Comme une évidence qui se forme sous les mots.

Et puis il y a ce texte plus brut, presque social : Élégance dans le bloc C. Là, elle regarde un autre monde. Les rues de banlieue, les survêtements, les gestes des jeunes qui errent dans les quartiers. On pourrait croire à un jugement, mais le texte glisse progressivement vers quelque chose de plus nuancé.

Elle observe.

Elle se corrige.

Elle reconnaît qu’il y a des vies derrière ces silhouettes.

Encore une fois, elle ne donne pas de morale.

Elle montre.

Et c’est peut-être cela, la vraie force de son écriture.

Elle coupe.

Elle enlève.

Elle retire tout ce qui est inutile.

Les articles disparaissent parfois. Les transitions aussi. Les phrases deviennent plus rapides, plus nerveuses. Les mots s’enchaînent sans lourdeur grammaticale.

Cette coupe crée de l’espace.

L’esprit du lecteur remplit naturellement les silences entre les images.

Mais ce que j’aime le plus dans sa façon d’écrire, c’est la manière dont elle termine ses chansons.

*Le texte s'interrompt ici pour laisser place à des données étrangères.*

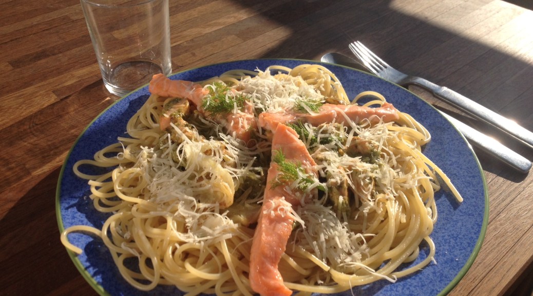 Denne oppskriften har jeg fra søster Siri. De er en god og mettende pasta med laks og pesto, hvor fyllet ordnes like fort som pastaen koker.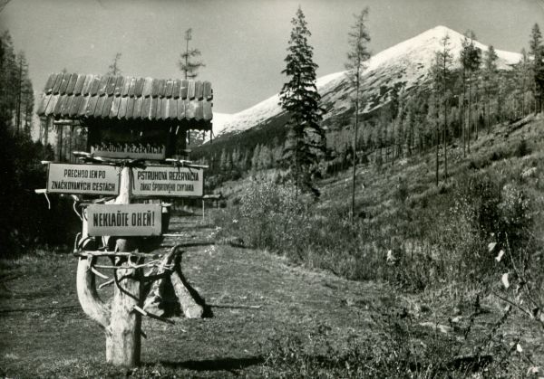 VYSOKÉ TATRY Informačný stľp Tatranského nár. parku. V pozadí Lúčne sedlo.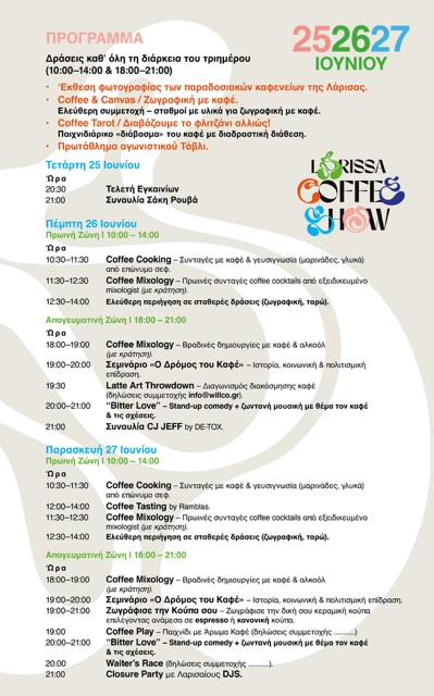 Στο πλαίσιο σχετικής συνέντευξης Τύπου που παρατέθηκε την Παρασκευή, 20 Ιουνίου, ο κ.Μαμάκος ανέφερε πως το Larissa Coffee Show είναι μια τριήμερη γιορτή (25, 26 και 27 Ιουνίου), που ενώνει τον πολιτισμό με τη διασκέδαση, την παράδοση με τη σύγχρονη επιχειρηματικότητα.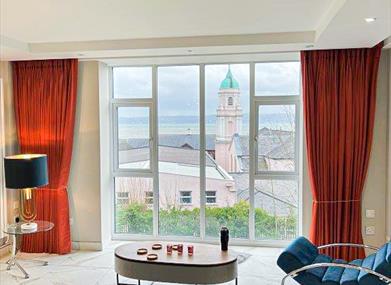 Step into our luxurious living room, where comfort and style come together in perfect harmony. The room boasts a plush velvet sofa that will make you want to sink in and relax. The large windows opposite the sofa offer panoramic views of Belfast Lough and the Co. Down Coast, making it the perfect spot to sit and watch the world go by. Additionally, there is a modern and comfy laid-back chair that provides a cosy space for reading or lounging. The room is furnished with modern touches, including a sleek coffee table, which adds a touch of elegance to the space. The ambient lighting in the corner creates a warm and inviting atmosphere, perfect for unwinding after a long day of exploring. Come and experience the ultimate relaxation in our living room.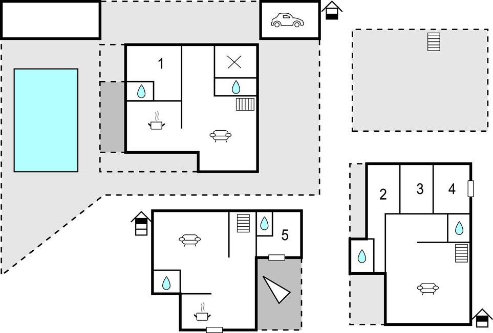 Adgang til feriehuset sker via gangen, ad hvilken I når stuen med TV og pejs, en åben køkken/spisestue, et gæstetoilet og et af de 5 soveværelser med dobbeltsenge. Fra dette er der adgang til terrassen og eget badeværelse.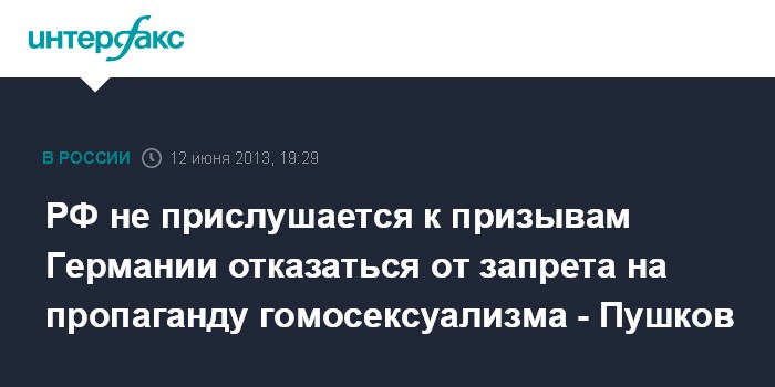 РФ не прислушается к призывам Германии отказаться от запрета на пропаганду гомосексуализма - Пушков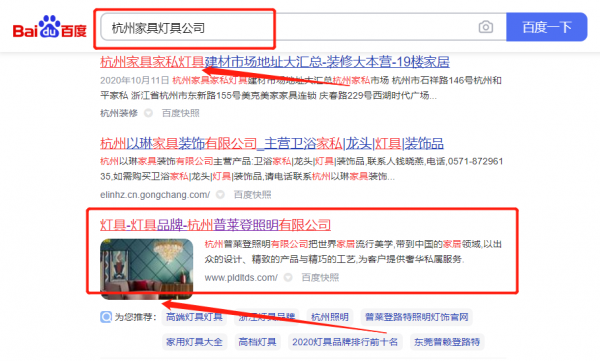 杭州普*登照明有限公司關鍵詞排名到首頁按天扣費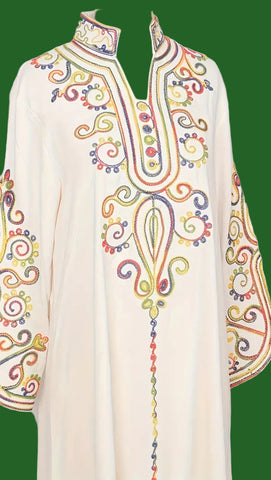 Approximately size 12/Lg (42" bust / 56" length). The polyester is lightweight and perfect for warmer weather. The multi-colored rope embroidery is beautiful!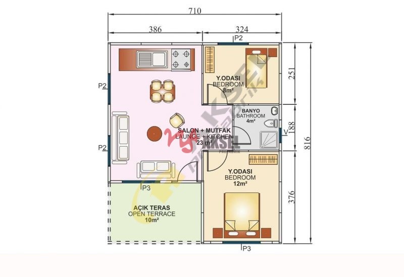 | İç Yüzey | 12 mm kalınlığında beyaz alçıpan levha |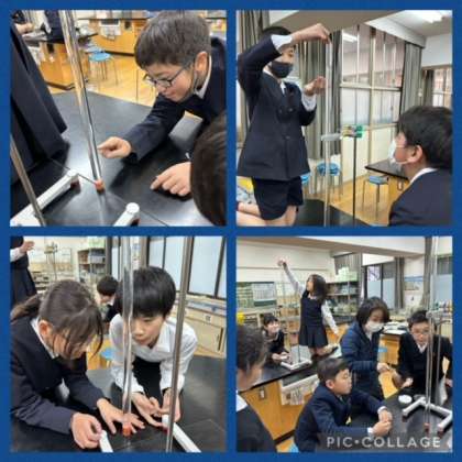 食塩や砂糖が水やお湯に溶けることは、生活の中で知っているけれど、溶ける様子をじっくり見たことはありません。今日は、細長い管を使って、入れた食塩が水に溶けていく様子を観察し、気づいたことを話し合いました。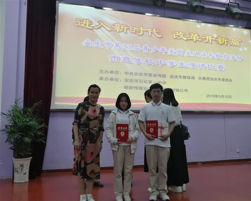 510下午,安庆市第25届青少年爱国主义读书教育活动市直学校中学生演讲比赛“进入新时代改革开新篇”在安庆石化一中举行,全市共有四十五名选手参加比赛。安博站·官方版网站登录入口两名选手173)班江万秋子(指导老师:吴毅、杨贤妹)、182)班娄涛涛(指导老师:李淑芬殷勇)分获三等奖。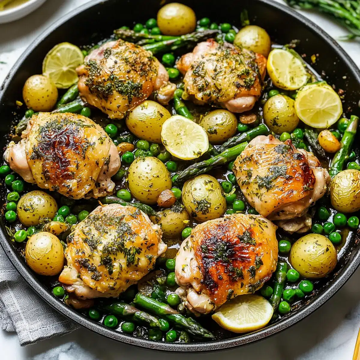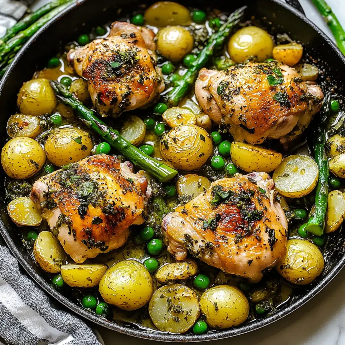 Absolutely! When choosing ingredients, look for chicken thighs that are plump and have a nice yellowish tint to the skin. For baby potatoes, select ones that are firm without any dark spots or blemishes. Fresh asparagus should be bright green with firm stems, and for sweet peas, vibrant green pods indicate freshness. This attention to detail ensures every bite is bursting with flavor!

Elle ne cherche jamais une conclusion spectaculaire.

Au contraire.

Après une succession d’images, de gestes, de fragments de vie, elle choisit presque toujours une phrase simple.

Une phrase que l’on pourrait murmurer.

Dans une voiture.

Dans une chambre.

Ou juste avant de s’endormir.

Dans Toute la nuit, tout le texte nous entraîne dans la vitesse, la fuite, la chaleur de la nuit, les kilomètres qui défilent. Et puis soudain, à la toute fin, tout se calme.

Et il ne reste plus qu’une phrase.

Presque chuchotée.

— J’aime être avec toi.

C’est simple.

Presque banal.

Et pourtant, c’est exactement pour cela que la phrase frappe si fort.

Parce qu’elle arrive après tout le reste.

Parce qu’elle ressemble à la vérité nue, une fois que toutes les images se sont dissipées.

Au fond, son écriture fonctionne comme un montage.

Des fragments de réalité.

Des sensations rapides.

Des détails concrets.

Reliés par un rythme instinctif et une musicalité très naturelle.

Ce ne sont pas des récits.

Ce sont des moments capturés.

Des instants courts, précis, presque anodins.

Mais mis bout à bout, ils dessinent quelque chose de plus grand.

Une histoire.

Et peut-être même un peu plus que cela.

Une manière de regarder le monde.

Et je crois que c’est pour cela que ses textes me touchent autant.

Parce qu’ils ne cherchent pas à expliquer.

Ils montrent.

Et quand quelqu’un sait montrer la vie avec si peu de mots…

cela signifie qu’il a compris quelque chose d’essentiel sur les émotions humaines.